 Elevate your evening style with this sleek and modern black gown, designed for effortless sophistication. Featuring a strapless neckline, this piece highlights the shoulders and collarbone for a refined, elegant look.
...
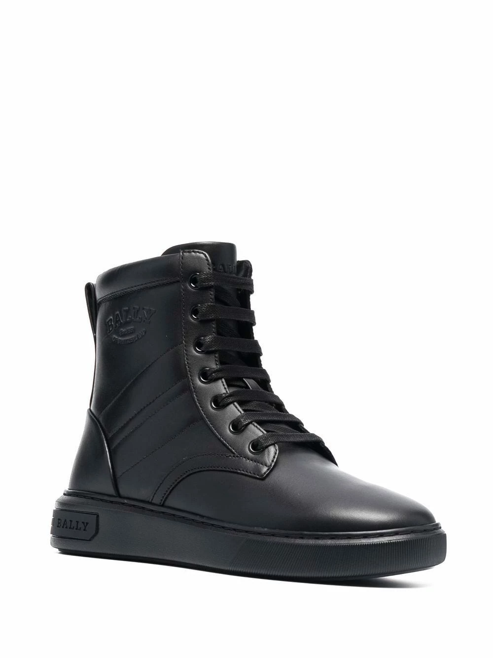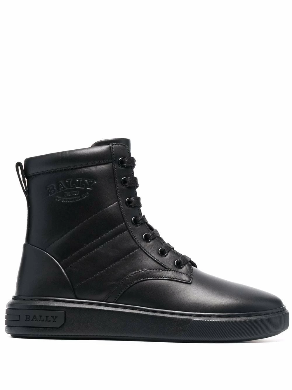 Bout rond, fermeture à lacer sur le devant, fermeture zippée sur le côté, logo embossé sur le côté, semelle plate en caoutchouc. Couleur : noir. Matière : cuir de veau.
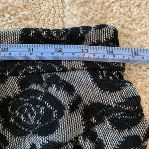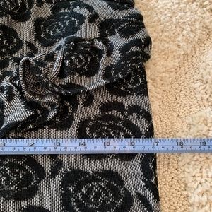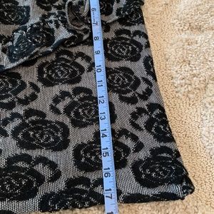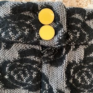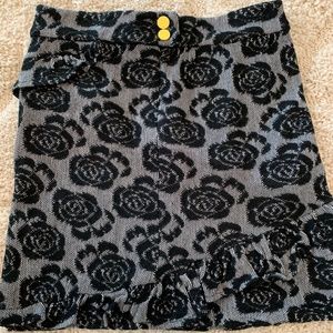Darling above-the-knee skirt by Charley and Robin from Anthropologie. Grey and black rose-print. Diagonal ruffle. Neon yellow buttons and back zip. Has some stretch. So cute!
--
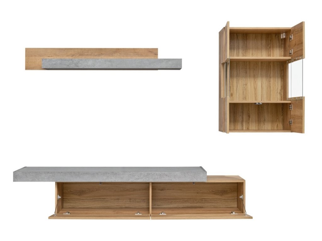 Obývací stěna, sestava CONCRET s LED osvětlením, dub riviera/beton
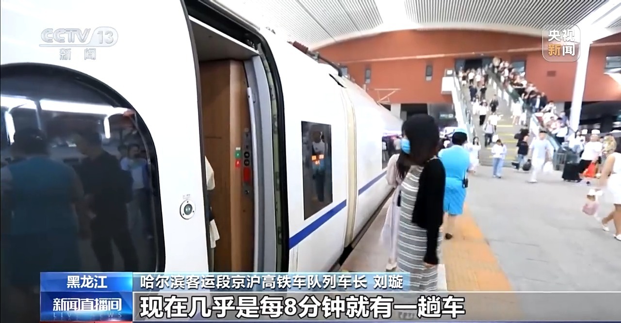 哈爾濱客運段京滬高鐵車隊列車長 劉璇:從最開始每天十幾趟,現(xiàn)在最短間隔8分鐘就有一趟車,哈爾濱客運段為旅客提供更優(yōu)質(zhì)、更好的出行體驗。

### TASK TO CARRY OUT
Every line above from the one with "Bout rond, fermeture" down to the one with "Darling above-the-knee skirt" must be written out exactly, and no picture may appear.

### PROBLEM SOLUTION
 Bout rond, fermeture à lacer sur le devant, fermeture zippée sur le côté, logo embossé sur le côté, semelle plate en caoutchouc. Couleur : noir. Matière : cuir de veau.
Darling above-the-knee skirt by Charley and Robin from Anthropologie. Grey and black rose-print. Diagonal ruffle. Neon yellow buttons and back zip. Has some stretch. So cute!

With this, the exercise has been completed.